Program

Preservation and Access: Preservation Assistance Grants

Period of Performance

1/1/2016 - 6/30/2017

Funding Totals

$3,783.00 (approved)
$3,783.00 (awarded)


Improving Environmental Conditions for UCLA Ethnomusicology Collections

FAIN: PG-233729-16

UCLA; Regents of the University of California, Los Angeles (Los Angeles, CA 90024-4201)
Aaron Michael Bittel (Project Director: May 2015 to October 2017)

The purchase of environmental monitoring equipment for UCLA’s Ethnomusicology Archive, which is housed in the university’s music building. Collections number nearly 150,000 recordings and include unique field recordings, as well as commercially produced recordings of traditional, folk, popular, and art music from Africa, Asia, Australia and the Pacific islands, Europe, the Middle East, and the Americas. Some highlights include the earliest known recordings of some rural Mexican musical traditions from the 1960s and the “race” records and “hillbilly” music of D.K. Wilgus, a renowned scholar of folksongs and ballads. The collection is used broadly by the UCLA community and by scholars from all over the world.

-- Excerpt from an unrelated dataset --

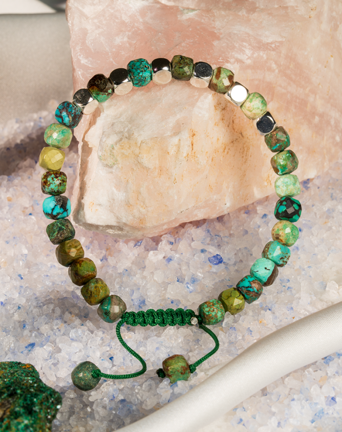 دستبند مردانه سنگ کریزوکولا شوکا با ترکیب رنگهای سبز و آبی فیروزهای، جلوهای طبیعی و آرامشبخش دارد. مهرههای چندوجهی این دستبند، در کنار بند نخی سبز قابل تنظیم، طراحی ساده اما چشمنوازی ایجاد کرده که بهراحتی با استایلهای روزمره و مینیمال مردانه هماهنگ میشود.

The UCLA Ethnomusicology Archive is part of one of the oldest and most highly regarded academic programs (and the only independent department) in ethnomusicology in the U.S. Its audiovisual collections have been central to the Department as research collections and teaching resources since the Archive's founding in 1961. The Archive is accessible to the public and serves scholars and students from around the world, as well the UCLA and Southern California communities at large, and have exposed innumerable people to music traditions from around the world. The applicant seeks funding to improve environmental monitoring and collection care in collections spaces, as a result of recommendations made in a recent preservation assessment. Environmental monitors will be used as part of an early detection system, long-term monitoring, and to provide data for a Sustaining Cultural Heritage Collections planning grant application to address long-term collection safety and stability.